Staged at Teatro Ariston in Sanremo, Liguria, Italy, Director of Photography (DOP) Mario Catapano was tasked with illuminating the latest edition of Sanremo Music Festival with a lighting rig which included over 400 Robe moving lights – a mix of T1 Profiles, Spiiders, LEDBeam 150s, Pointes and a six-way RoboSpot system – all supplied by Pesaro-based rental company Sound d-light.
Aside from being one of the Italy’s biggest and best-known song competitions, the event selected the country’s entry for the Eurovision Song Contest, organised and broadcast by RAI.
The contest comprised two main sections – one featuring 26 established artists, plus a ‘newcomers’ section of eight rising-star singers. The voting came from a mixture of sources including a judging panel, a large public tele / internet vote and by the musicians and singers of the Sanremo Festival Orchestra. It was the fifth time that Mario Catapano has lit the event, enlisted by TV Director, Stefano Vicario and Artistic Director, Amedeo ‘Amadeus’ Sebastiani.

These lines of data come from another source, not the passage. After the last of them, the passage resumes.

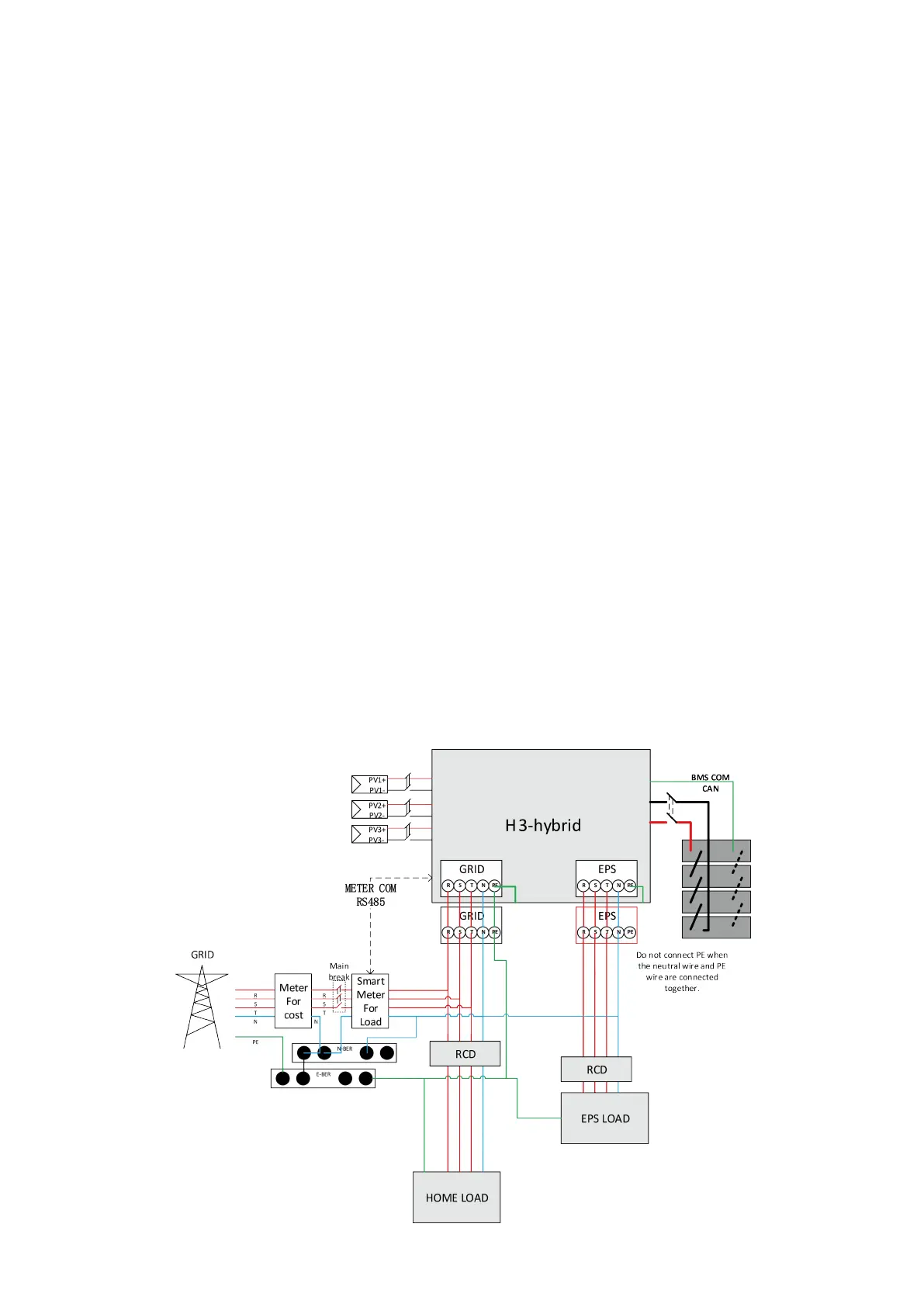 This diagram is an example for an application that neutral connects with the PE in a distribution box.
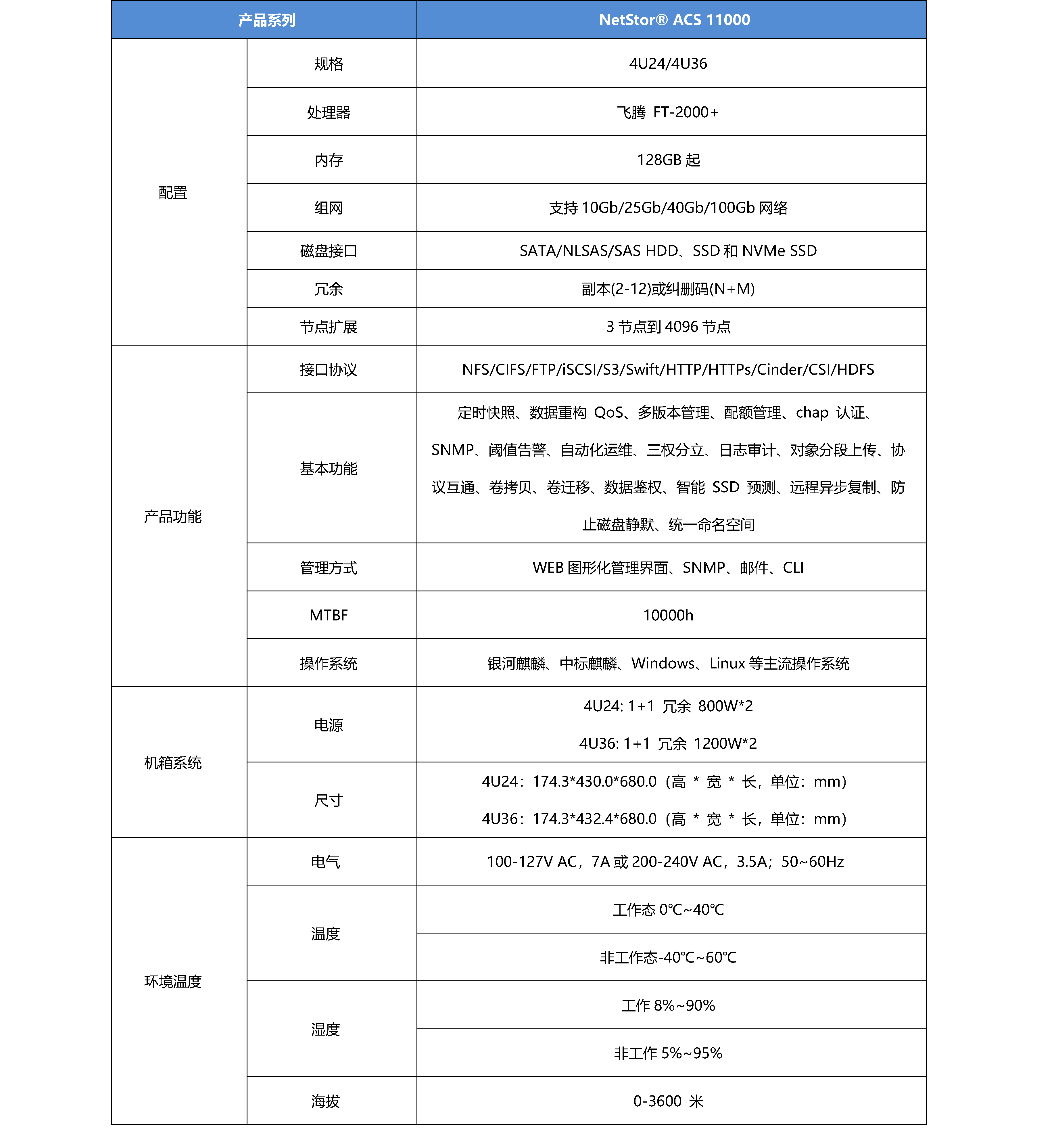 NetStor ACS11000 可滿足海量非結(jié)構(gòu)化文件、大數(shù)據(jù)分析、云虛擬化等應(yīng)用場景下海量數(shù)據(jù)安全存儲的需求,適用于政府機關(guān)、煙草云、警務(wù)云、運營商、金融信創(chuàng)、醫(yī)療、教育等行業(yè)。
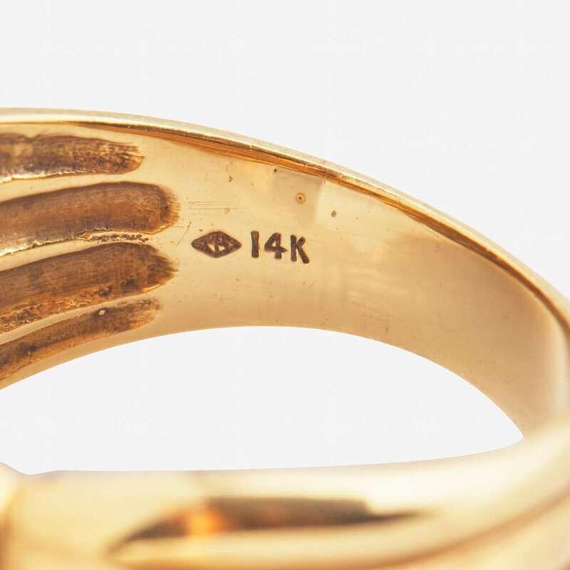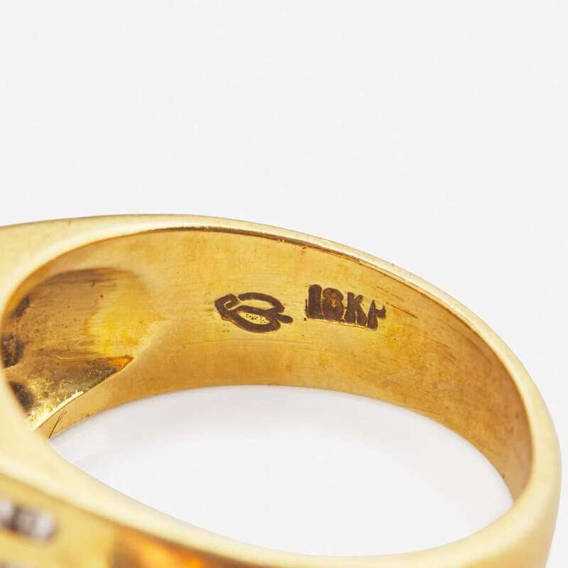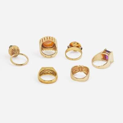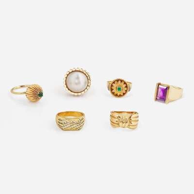 A collection of miscellaneous gold rings, including an 18K three-tone yellow, rose, and white gold ring set with a square-cut emerald, a 14K yellow gold ring set with a green glass stone, a 14K yellow gold ring featuring a mabé pearl, a 14K yellow gold ring set with a rectangular-cut spinel, a 14K yellow gold band, and an 18K yellow gold ring channel-set with round brilliant-cut diamonds. Diamonds are near colorless (G - J), with VS - SI clarity. Total estimated weight of diamonds: 0.50 carats.
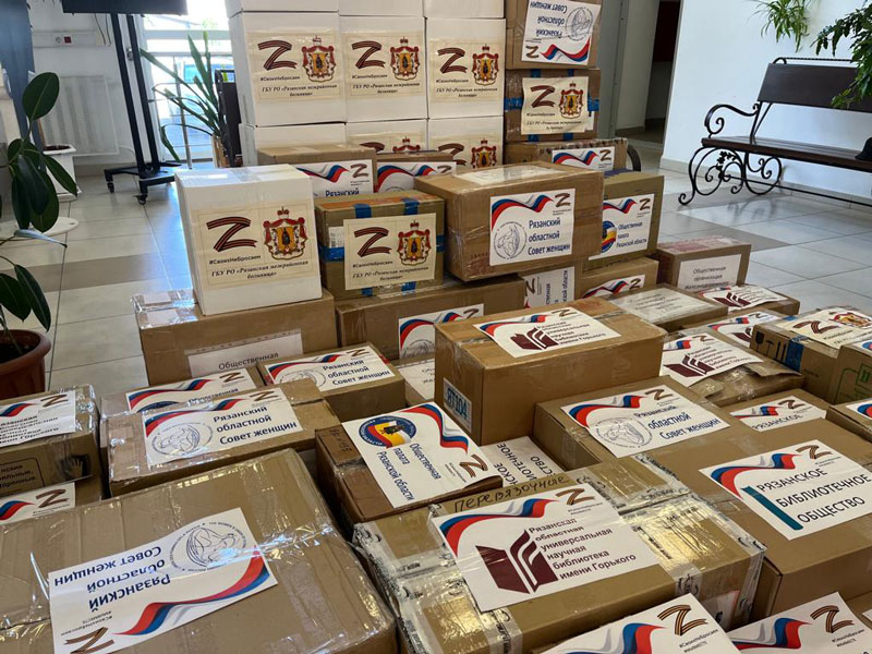 С июня по октябрь жители Рязанской области, коллективы различных учреждений, частные предприниматели собрали 564 посылки с гуманитарной помощью, некоторые организации присылали помощь целыми грузовиками от 200 килограммов до 3 тонн. Сбор посылок помогали организовать администрации поселений, муниципальные женсоветы, профсоюзы, школы, детские сады. Вместе с вещами и продуктами в посылках всегда рисунки и теплые письма, адресованные военнослужащим. Сотрудники областной библиотеки взяли на себя всю физическую и организационную нагрузку по работе с приемом и отправлением гуманитарной помощи.
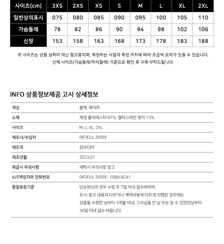 | 9. A/S 책임자와 전화번호 | 아디다스코리아/1588-8241 |
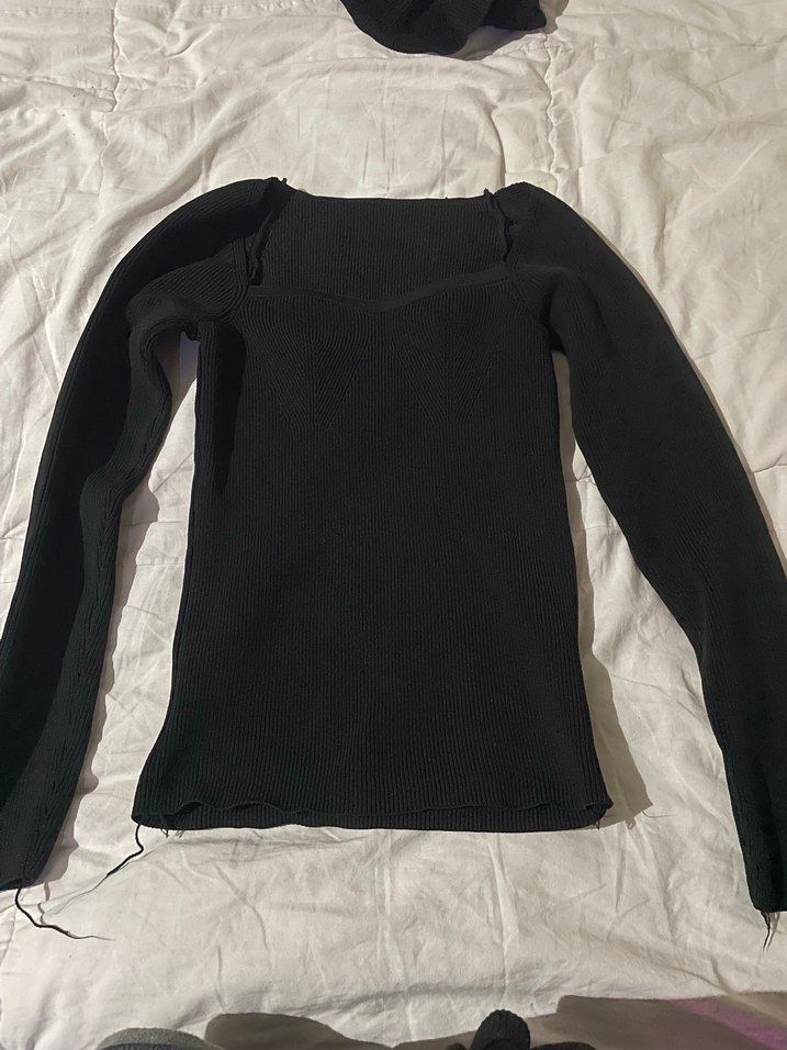 Uzun kollu, kayık yaka ve fitted kesime sahip siyah triko, yumuşak sentetik kumaştan üretilmiştir. Midi boyu ve goth tarzıyla günlük kullanıma uygundur.
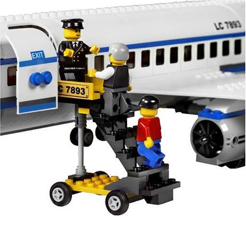LEGO® City Passenger Plane (7893) - Prepare for takeoff! There's lots of excitement as everyone boards the plane! The pilot is already in his seat, making last-minute checks and waiting for direction down the runway. The passengers are ready to stow their bags and take their seats! Includes rolling staircase for boarding the plane, 1 pilot, 1 worker and 2 passenger minifigures! Open the doors and remove the top of the plane to see what's going on inside!

Catapano’s starting point for the lighting was the elaborate set design imagined by Gaetano and Chiara Castelli which comprises six large shrinking perspective octagonal portals surrounding a central staircase with a large LED screen at the upstage end, opening out into a triangular-shaped stage with mirrored floor. The orchestra and band were spaced out on two podiums either side of the stage edge.
In this challenging year, the set was interpreted as a spacecraft, a sort of time travel machine and entranceway to a transportation vortex that could take everyone – performers and audience – on a journey into multiple other dimensions.
Catapano worked closely with the set designers and positioned lighting trusses in between the scenic portals, so light could come in from all angles around the staircase as well as in the traditional positions above and to the sides of the stage.
This gave the overall show looks massive depth and huge dynamic potential – whether it was a grand sweeping wide shot to an intimate moment with a performer lit by a single fixture. “It was a fantastic way to work, great visual synergy between lighting and scenic elements made for a very memorable result,” Catapano remarked.
125 Robe LEDBeam 150 fixtures were chosen for their sharp beams and colour range. The units were rigged all over the trusses in between the set pieces and above the stage, with some on the floor – increasing the perspective illusion. “Their small size and huge power made them ideal for fitting into so many different places,” explained Catapano.
160 Pointes were dotted around the studio space, particularly at the back and along the sides in the ‘scenic’ trusses, for complimentary beam effects interacting with the LEDBeam 150s.The fixtures were picked for their versatility, efficiency and the compact dimensions which meant they could be ensconced within the set without interrupting the clean linear aesthetic of the set architecture.
60 Spiiders were used for washing the stage and staircase areas as well as the orchestra and band podiums, with 60 Robe T1 Profiles used for key lighting contestants, presenters, and musicians. Known for their great range of high-quality colour corrected whites and ability to produce perfect skin tones, they were also just what Catapano required. Six T1 Profiles were positioned at the back of the studio, and were running on the six RoboSpot remote systems, operated by RAI crew, all providing critical key light.
Two T1 Profiles running on RoboSpot remote follow spot systems were positioned on the left and right corners of the balcony, with two more T1 Profiles fixtures and RoboSpot BaseStations in the front centre of the same balcony. A further pair of RoboSpot BaseStations were onstage, each controlling one T1 Profile located back-centre in the roof rig used extensively for lighting and follow spotting in positions where it would not have been possible to rig traditionally operated follow spots.
In addition to Robe luminaires, 130 other lighting fixtures made up the lighting rig, which were controlled by two Compulite Vector Blue consoles operated by RAI’s Quintino Caci, Danilo Luongo and Adriano Barbanzolo. The Sound d-light crew comprised Diego Sacchi, Alessandro Agostinelli and Mirko Palanca.
Sound d-light Srl is owned and run by Luca Domenicucci, Lorenzo Antonelli and Paolo Marcuzzi, who started buying Robe products in 2014 after the manufacturer launched its famous BMFL high powered multi-functional fixture.
The company now stocks Robe BMFLs, T1s, LEDBeam 150s, Spiiders, SilverScans, Pointes and MegaPointes. “In the past few years, Robe has introduced the best and most innovative technologies,” said Domenicucci, adding that the “uniqueness” and engineering of each product ensures a long working life and ROI on the product. “The service from (Italian distributor) RM Multimedia is exceptional.”
All three company owners were extremely proud to be part of this historic edition of the Sanremo Music Festival, the ‘super final’ of which was won – against the odds – by Rome based four-piece rock group Måneskin, who received a staggering 53.5% of all the votes. The group rose to prominence after finishing as runners-up in the 2017 Italian X Factor and will represent Italy in Rotterdam on 22 May with their rousing anthem, “Zitti e buoni”.